La reina hizo varias tentativas para que su hijo le revelara su secreto, pero el príncipe no se atrevió a confiárselo, porque si bien la amaba, la temía por proceder de raza de ogros, a pesar de lo cual el rey había casado con ella porque su fortuna era grande. Además, se murmuraba en la corte, pero en voz muy baja, que tenía las inclinaciones de los ogros y que, al ver pasar los niños, con mucha dificultad lograba contener el deseo de devorarlos. A esto se debió que el príncipe nada le dijera.
Pero al cabo de dos años murió el rey, y al subir su hijo al trono, declaró públicamente su matrimonio y fue con gran ceremonia a buscar a la reina su esposa a su castillo. La recepción que le hicieron en la ciudad, que era la capital, cuando se presentó en medio de sus dos hijos, fue magnífica.
Algún tiempo después el príncipe fue a guerrear contra su vecino, el emperador Cantagallos.

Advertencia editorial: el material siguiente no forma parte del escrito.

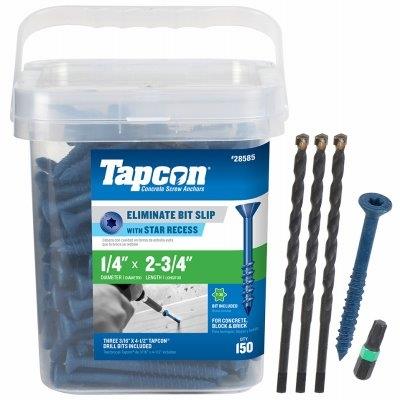 150 Pack, 1/4″ x 2-3/4″,Star Drive Concrete Anchors, Tapcon Bit Included, Secure Attachment To Concrete, Block & Brick, 1 Piece Design Requires No Assembly, Does Not Require Anchor Torque Down, Cracked & Seismic Approved, Blue Climaseal Adds Corrosion Resistance, ANSI Drill Bit Required.

Confió la regencia a la reina madre y le recomendó mucho a su mujer y a sus hijos. Debía guerrear todo el verano; y en cuanto estuvo fuera, la reina madre envió a su nuera y sus nietos a una casa de campo que había en el bosque para poder satisfacer con mayor libertad sus horribles apetitos. Algunos días después fue a la casa de campo y por la noche dijo a su mayordomo:
—Mañana quiero comerme a Aurora.
—¡Ah! señora..., —exclamó el mayordomo.
—Lo quiero, —contestó la reina con tono de ogra que desea devorar carne fresca,— y quiero comerla en salsa picante.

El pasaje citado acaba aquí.